EXERCISE DATA —
"""

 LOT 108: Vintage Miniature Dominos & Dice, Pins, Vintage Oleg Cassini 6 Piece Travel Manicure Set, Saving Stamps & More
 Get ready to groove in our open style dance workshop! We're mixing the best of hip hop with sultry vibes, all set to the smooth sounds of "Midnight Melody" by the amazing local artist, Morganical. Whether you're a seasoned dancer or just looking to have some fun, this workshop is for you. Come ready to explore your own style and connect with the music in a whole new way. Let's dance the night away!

"""
"""

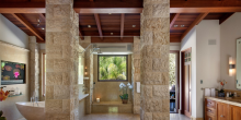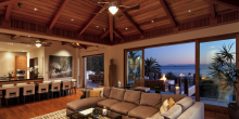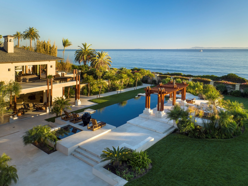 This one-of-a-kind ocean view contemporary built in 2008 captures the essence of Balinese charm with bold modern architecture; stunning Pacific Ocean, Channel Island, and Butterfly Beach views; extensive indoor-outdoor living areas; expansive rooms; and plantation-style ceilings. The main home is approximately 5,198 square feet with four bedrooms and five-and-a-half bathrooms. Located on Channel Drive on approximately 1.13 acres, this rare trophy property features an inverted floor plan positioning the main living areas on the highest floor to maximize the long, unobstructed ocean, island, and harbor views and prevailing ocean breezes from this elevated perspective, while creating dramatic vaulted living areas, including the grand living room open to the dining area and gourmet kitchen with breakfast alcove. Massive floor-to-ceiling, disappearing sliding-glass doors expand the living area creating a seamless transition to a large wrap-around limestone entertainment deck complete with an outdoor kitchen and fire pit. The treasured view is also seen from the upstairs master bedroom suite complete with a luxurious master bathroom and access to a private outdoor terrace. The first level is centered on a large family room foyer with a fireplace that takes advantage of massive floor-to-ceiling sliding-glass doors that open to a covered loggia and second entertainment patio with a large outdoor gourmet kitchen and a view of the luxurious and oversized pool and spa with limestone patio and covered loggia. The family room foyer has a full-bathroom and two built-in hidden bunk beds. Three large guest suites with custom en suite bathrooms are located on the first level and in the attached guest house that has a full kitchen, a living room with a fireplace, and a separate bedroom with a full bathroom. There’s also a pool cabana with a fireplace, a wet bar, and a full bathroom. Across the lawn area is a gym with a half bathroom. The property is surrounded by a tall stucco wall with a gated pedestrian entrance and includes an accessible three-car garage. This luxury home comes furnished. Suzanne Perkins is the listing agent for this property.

"""
"""

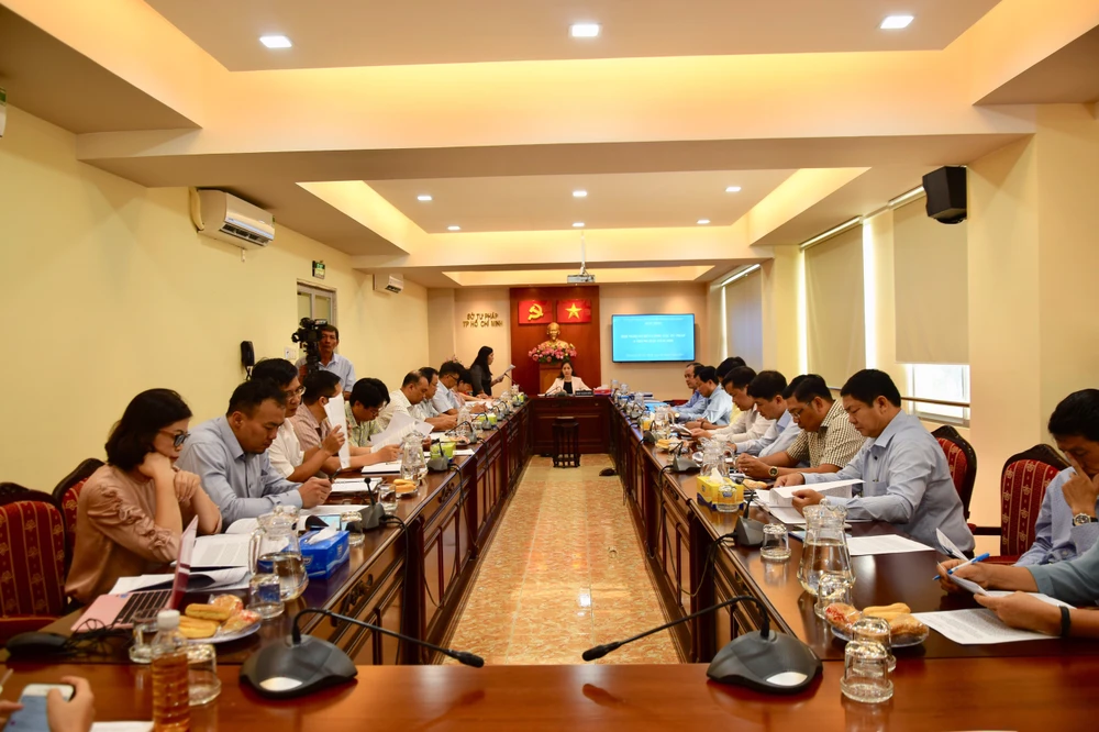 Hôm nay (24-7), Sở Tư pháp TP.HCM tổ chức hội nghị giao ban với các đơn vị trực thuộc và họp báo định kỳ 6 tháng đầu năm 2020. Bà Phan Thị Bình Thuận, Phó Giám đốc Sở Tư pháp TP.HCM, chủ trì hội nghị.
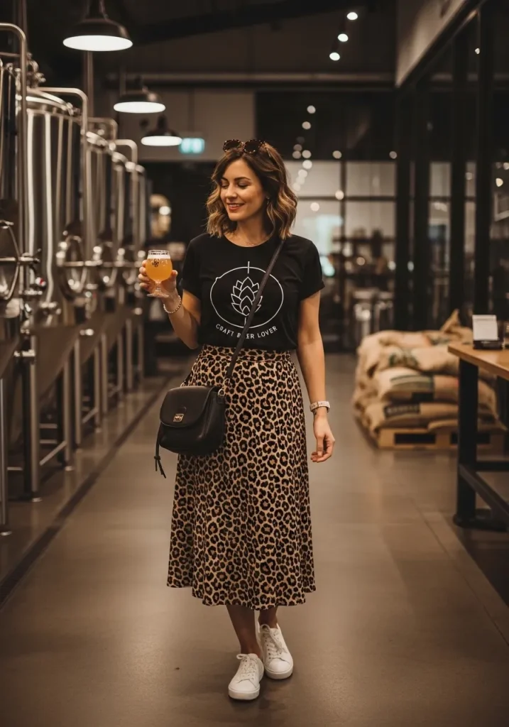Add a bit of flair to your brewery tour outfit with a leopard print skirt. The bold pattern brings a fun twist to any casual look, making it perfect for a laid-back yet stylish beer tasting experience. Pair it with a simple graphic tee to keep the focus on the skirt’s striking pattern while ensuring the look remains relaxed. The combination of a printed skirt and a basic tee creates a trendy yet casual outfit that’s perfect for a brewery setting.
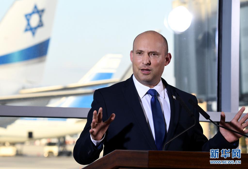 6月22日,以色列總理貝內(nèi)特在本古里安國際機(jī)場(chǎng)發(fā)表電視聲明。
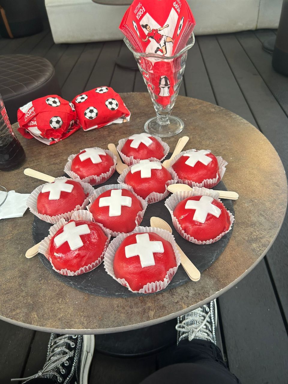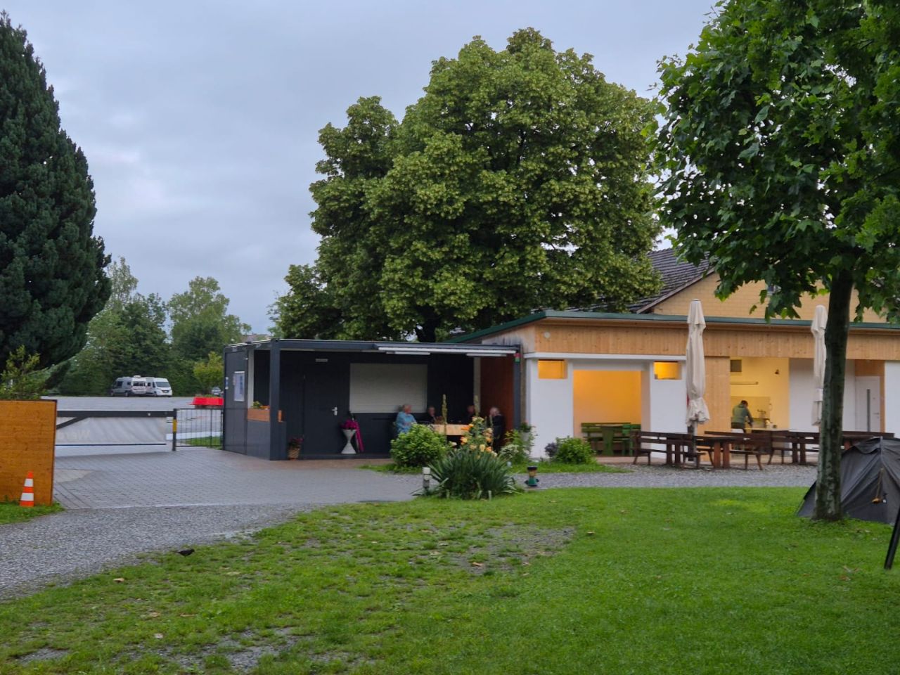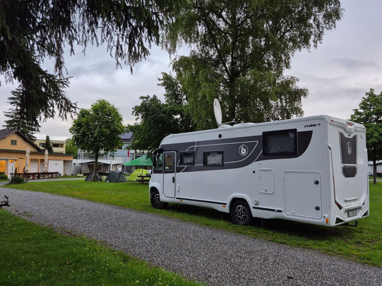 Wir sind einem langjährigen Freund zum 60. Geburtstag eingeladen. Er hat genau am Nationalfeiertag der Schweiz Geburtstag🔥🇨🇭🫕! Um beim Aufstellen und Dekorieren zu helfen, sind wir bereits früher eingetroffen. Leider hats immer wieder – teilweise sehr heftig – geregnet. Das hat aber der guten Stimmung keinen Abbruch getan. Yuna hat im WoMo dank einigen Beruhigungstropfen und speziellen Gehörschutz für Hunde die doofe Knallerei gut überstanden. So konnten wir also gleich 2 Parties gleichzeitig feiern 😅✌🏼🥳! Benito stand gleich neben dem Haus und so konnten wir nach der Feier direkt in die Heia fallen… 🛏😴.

"""

Take the lines above from the one containing "LOT 108: Vintage" to the one containing "Get ready to" and retype them exactly, both ends included, with nothing added.

 LOT 108: Vintage Miniature Dominos & Dice, Pins, Vintage Oleg Cassini 6 Piece Travel Manicure Set, Saving Stamps & More
 Get ready to groove in our open style dance workshop! We're mixing the best of hip hop with sultry vibes, all set to the smooth sounds of "Midnight Melody" by the amazing local artist, Morganical. Whether you're a seasoned dancer or just looking to have some fun, this workshop is for you. Come ready to explore your own style and connect with the music in a whole new way. Let's dance the night away!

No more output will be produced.